When it is the update timing (step S220, YES), the update unit 245 distributes the synthetic likelihood calculation logic reconstructed by the learning unit 230 to the obstacle recognition device 60, and the likelihood calculation unit 40 The composite likelihood calculation logic is updated (step S230). When there are a plurality of vehicles 100 capable of communicating with the server 250, the update unit 245 may deliver the update result to the plurality of vehicles 100.

If it is not the learning timing (step S200, NO), or if it is not the update timing (step S220, NO), the server 250 does not perform learning (step S210) or update (step S230), and processes in step S200. Return to.

The effect of learning will be explained. The vertical axis of FIG. 12 is the composite likelihood, and the horizontal axis is the grid position. As shown in FIG. 12, for the target detected at a certain position, even if the synthetic likelihood that is larger than the first threshold value X and smaller than the second threshold value Y is calculated before learning, the first is as the learning progresses. The synthetic likelihood of the threshold value X or less or the synthetic likelihood of the second threshold value Y or more is calculated.

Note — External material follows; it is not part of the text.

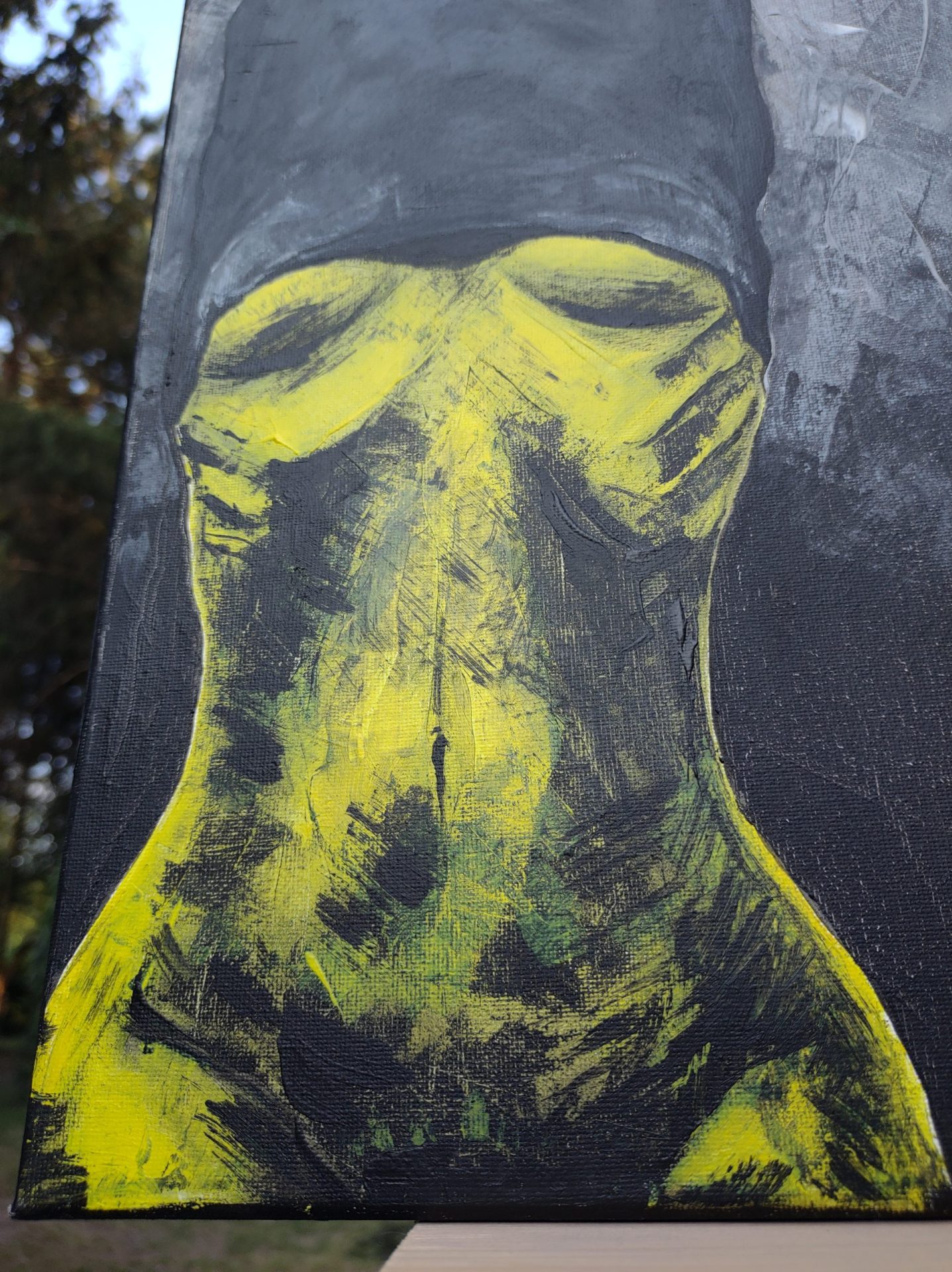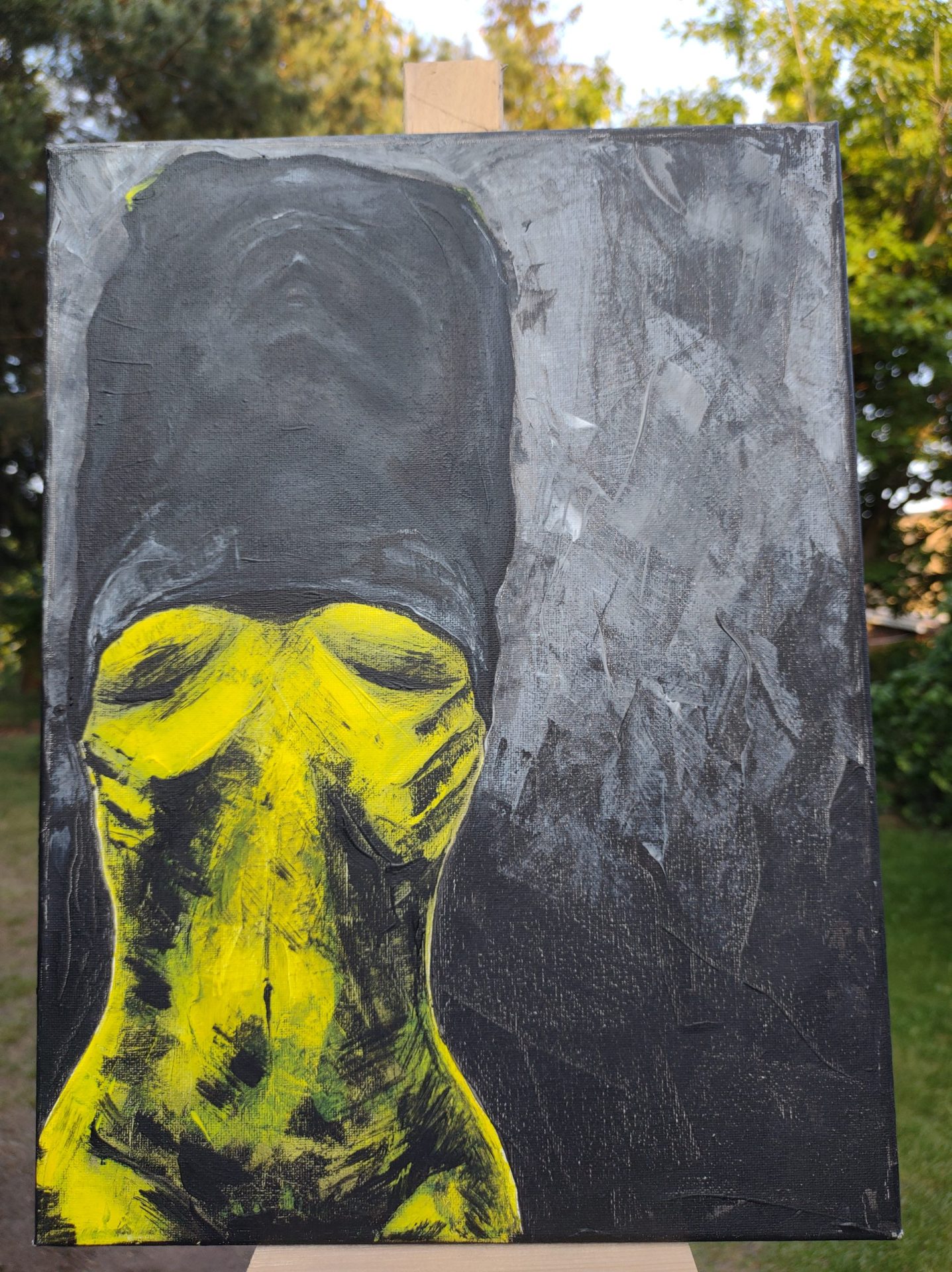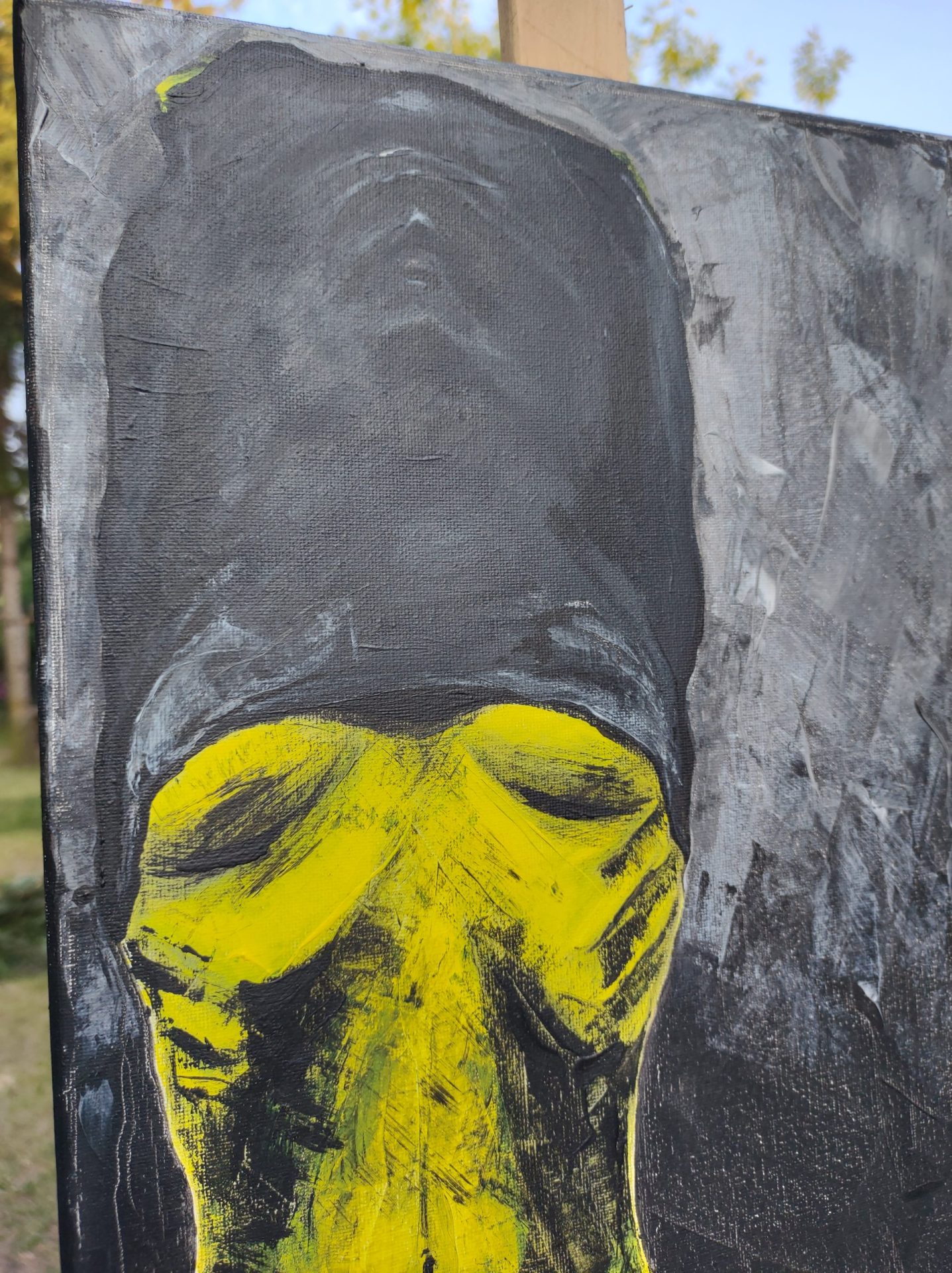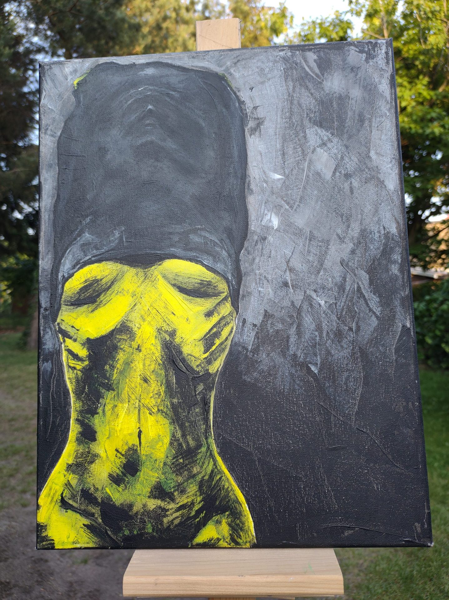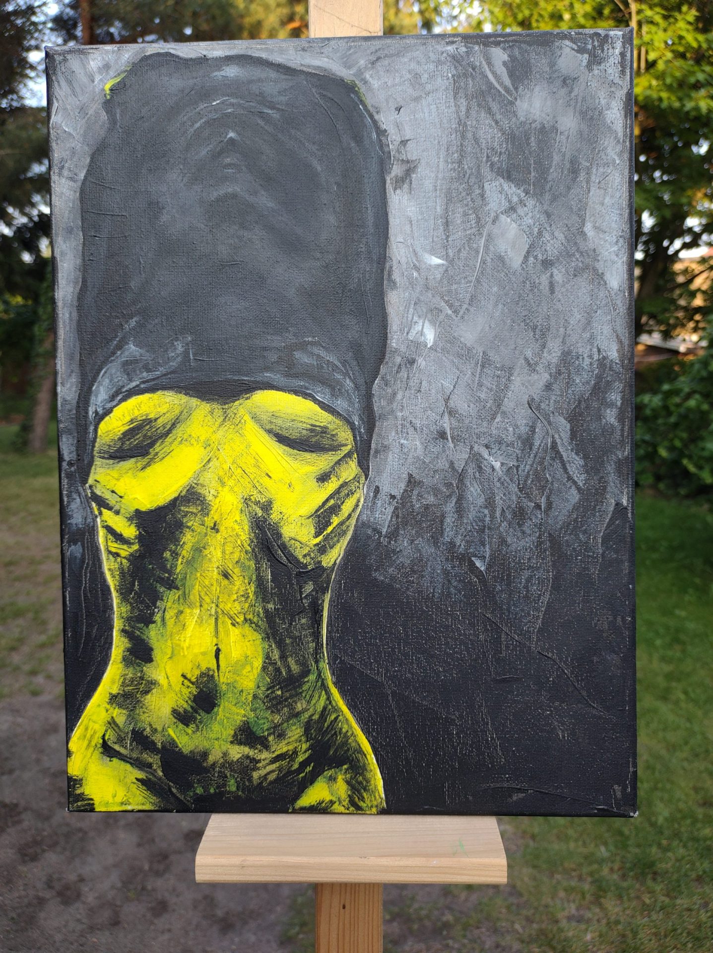 Obraz pt. ,, Upał” malowany farbami akrylowymi na płótnie bawełnianym 30×40.Boki również zamalowane, nie wymaga oprawy.

The vertical axis of FIG. 13 is the composite likelihood, and the horizontal axis is the composite likelihood appearance rate. As shown in FIG. 13, as the learning progresses, the appearance rate of the synthetic likelihood larger than the first threshold value X and smaller than the second threshold value Y decreases, and the synthetic likelihood of the first threshold value X or more or the second threshold value Y or more decreases. The appearance rate of degrees increases.

According to this embodiment, when the likelihood is larger than the first threshold value X and smaller than the second threshold value Y, it is determined that there is a provisional obstacle, so that the safety in recognizing the obstacle can be enhanced. Further, since the imaging result and the likelihood calculation result when it is determined that there is a temporary obstacle are acquired and corrected, the obstacle recognition device 60 is compared with the case where all the imaging results and the likelihood calculation results are acquired. And the communication load between the server 250 and the server 250 can be reduced. Further, since the storage unit 240 stores the detection result and the likelihood calculation result when it is determined that there is a provisional obstacle, and the correction result with the provisional obstacle, the recognition accuracy of the obstacle can be determined. It is possible to efficiently collect learning data for improvement. Furthermore, since supervised learning is performed using the data when it is determined that there is a provisional obstacle, suspicious data, for example, because the frequency of occurrence is low, is considered in the initial likelihood calculation logic in the likelihood calculation unit 40. It is possible to efficiently learn the data of the scenes that did not exist. Further, since the likelihood calculation logic of the obstacle recognition device 60 is updated by the reconstructed likelihood calculation logic, the frequency of determining that there is a provisional obstacle in the obstacle recognition device 60 is reduced, and the failure is reduced. It is possible to improve the recognition accuracy of an object.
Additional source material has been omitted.